Chris introduced his brothers properly. “Isak’s the youngest, and a little like that baby in the Marvelouses. Except he doesn’t actually burst into flames.” Isak cooed. “But sometimes he smells like he does.”
His other brother laughed and nodded like he agreed a whole lot.
“This is Everett, he’s—.”
“I’m the third oldest, I’m seven.” Everett said proudly.
“Third oldest doesn’t count, Doofus.” Chris rolled his eyes and so only I could see. Like we had our own inside joke already.
“Well, I think you’re really tall for a seven-year-old.” I said to Everett trying to cheer him up, and ignoring the fluttery wiggles in my tummy.

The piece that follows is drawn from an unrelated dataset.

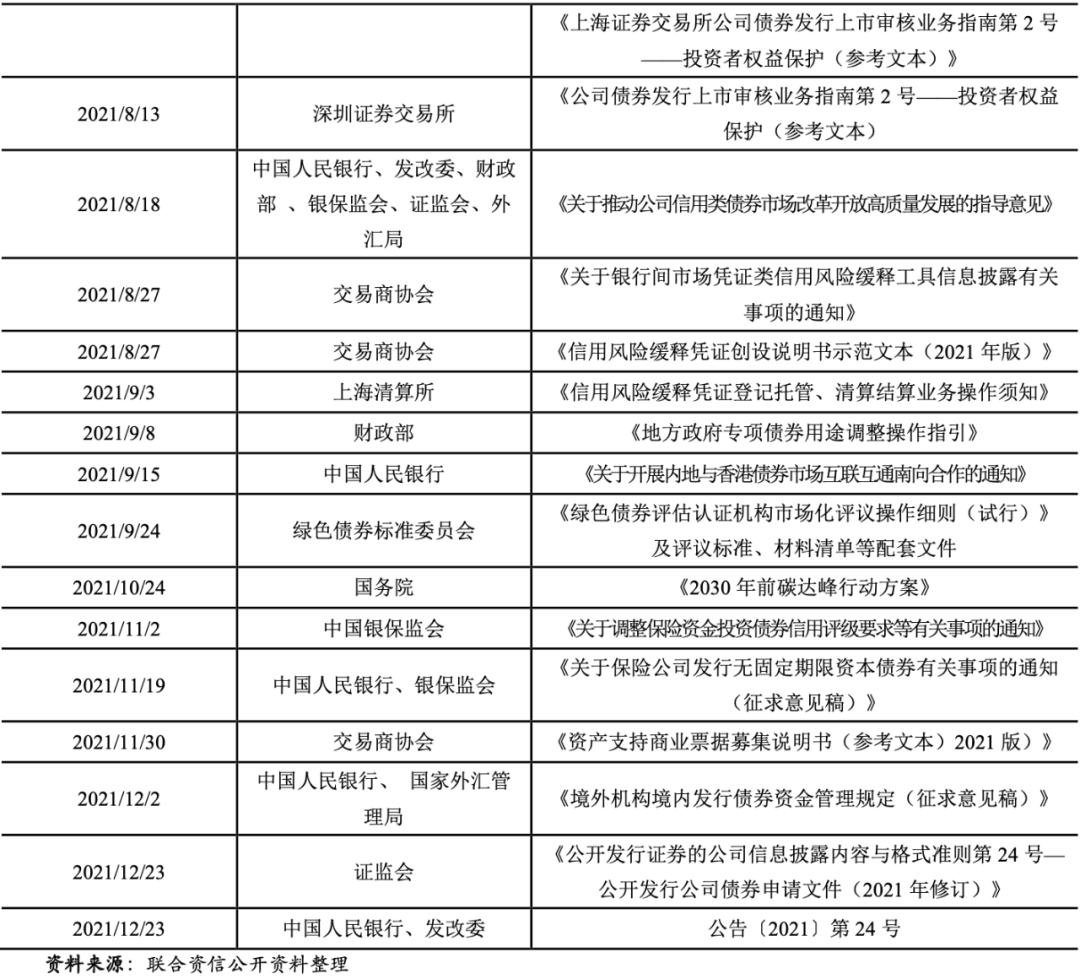 完善信息披露制度。為進一步落實2020年末央行等三部委發布的《公司信用類債券信息披露管理辦法》,銀行間和交易所市場均發布相關系列文件,完善信息披露制度。銀行間市場,2月9日,交易商協會修訂《銀行間債券市場非金融企業債務融資工具信息披露規則(2021版)》等系列文件,進一步強化信息披露主體與人員責任,完善細化定期報告中非財務信息披露內容,規范違約處置及投資者保護機制披露要求,強化定向發行產品規則約束,有助于進一步規范信息披露義務人的信息披露行為,提高信息披露質量。交易所市場,4月29日,上交所修訂《上海證券交易所公司債券發行上市審核規則適用指引第1號——申請文件及編制》,重點對償債能力相關的主要披露內容提出要求。同時,發布《上海證券交易所公司債券自律監管規則適用指引第1號——公司債券持續信息披露》,首次由交易所層面對定期報告內容與格式進行自律規范,確立了信息披露基本原則和要求,披露導向上更加側重償債能力分析,同時進一步明晰了重大事項披露標準。兩指引的發布明確了公司債券發行上市審核和持續監管階段的信息披露要求,對市場主體的信息披露行為有較強的規范和指導意義。同日,深交所發布《深圳證券交易所公司債券發行上市審核業務指南第1號——募集說明書參考格式》等業務指南,對深交所公司債券發行上市審核和存續期階段的信息披露內容進行列示,有助于規范公司債券發行人信息披露行為,提高公司債券信息披露水平。此外,9月6日,上交所正式推出信息披露直通車制度。信息披露直通車是指市場主體通過上交所登記和上傳信息披露文件并直接在上交所官方網站披露的信息披露方式,具有完善業務覆蓋、強化事后監管、實施分類監管、優化業務流程等特點,有助于提高信息披露的及時性和便利性,提升公司債券及資產支持證券的信息披露水平。12月23日,證監會發布《公開發行證券的公司信息披露內容與格式準則第24號—公開發行公司債券申請文件(2021年修訂)》,具體修訂內容包括:落實公開發行公司債券注冊制、結合《公司債券發行與交易管理辦法》修訂內容進行適應性修訂、結合債券市場監管實踐調整相關要求等。該文件有助于降低優質發行人的信息披露成本,提高公司債券融資效率。

“Tall enough to hang out with a ten-year-old?” he asked, waggling his eyebrows dramatically. His brother shoved his shoulder and I laughed for real for the first time since we’d left California.
“I don’t have any siblings,” I admitted.
“That must be quiet.” Chris sighed, like quiet was a dream.
“Yeah. It is.” I thought about eating lunch alone every day last year. “And lonely sometimes.”
“Well, you can always come over to our house. Too many people to get lonely. We have a whole room full of books, and you’d like game night.” He said it fast, like he was nervous I’d say no. “You wanna come over now?. I promised Ev we’d throw the old pigskin around, and—“
“That’s mean!” The words burst out of me. “You shouldn’t call it a pigskin. Pigs are people too!”
The silence that followed was excruciating. Way to go, Beatrix. This boy is trying to be nice and you yell at him about pigs.
But Chris didn’t look annoyed. He looked genuinely sorry. “Oh—I didn’t mean—I don’t think they’re made from actual pigs anymore? I think it’s cows now...”
I glared at him.
“That’s not better, is it?”
“I’m a vegetarian. And an animal activist.”
Everett’s eyes bounced between us like he was watching a tennis match.
“Well,” Chris said slowly, “I’m sure we have some vegetarian footballs. We have a lot of footballs. Maybe you could show me which ones are okay?”
I knew he was just being nice. There was no such thing as a vegetarian football. But he was trying so hard, and nobody tried that hard with me except Lulu.
“Yeah. Okay, that would be...cool,” I said.
Chris’s whole face relaxed. “Cool, good. It would be fun to have a friend next door.”
“Yeah,” I agreed. “It really would.”
April appeared beside us, Isak now sleeping against her shoulder. “Chris, why don’t you show Trixie the tire swing while I finish talking to her mom? And Everett, no tackling. We’re making a good impression.”
“I never tackle,” Everett said, clearly lying.
April laughed and squeezed my shoulder as she passed. Her hand was warm, and she smelled like vanilla and something floral. “I have a feeling you’re going to fit right in around here, Trixie.”
All I knew, standing in the Colorado sunshine with my new neighbors, was that my stomach finally felt okay. Better than okay. It felt like tiny bubbles...the good kind.
“Come on,” Chris said, already heading toward his yard. “The tire swing is really high. You’re not scared of heights, are you?”
“No,” I said, following him. “I’m not scared of anything.”
It was a lie, but Chris didn’t need to know that yet.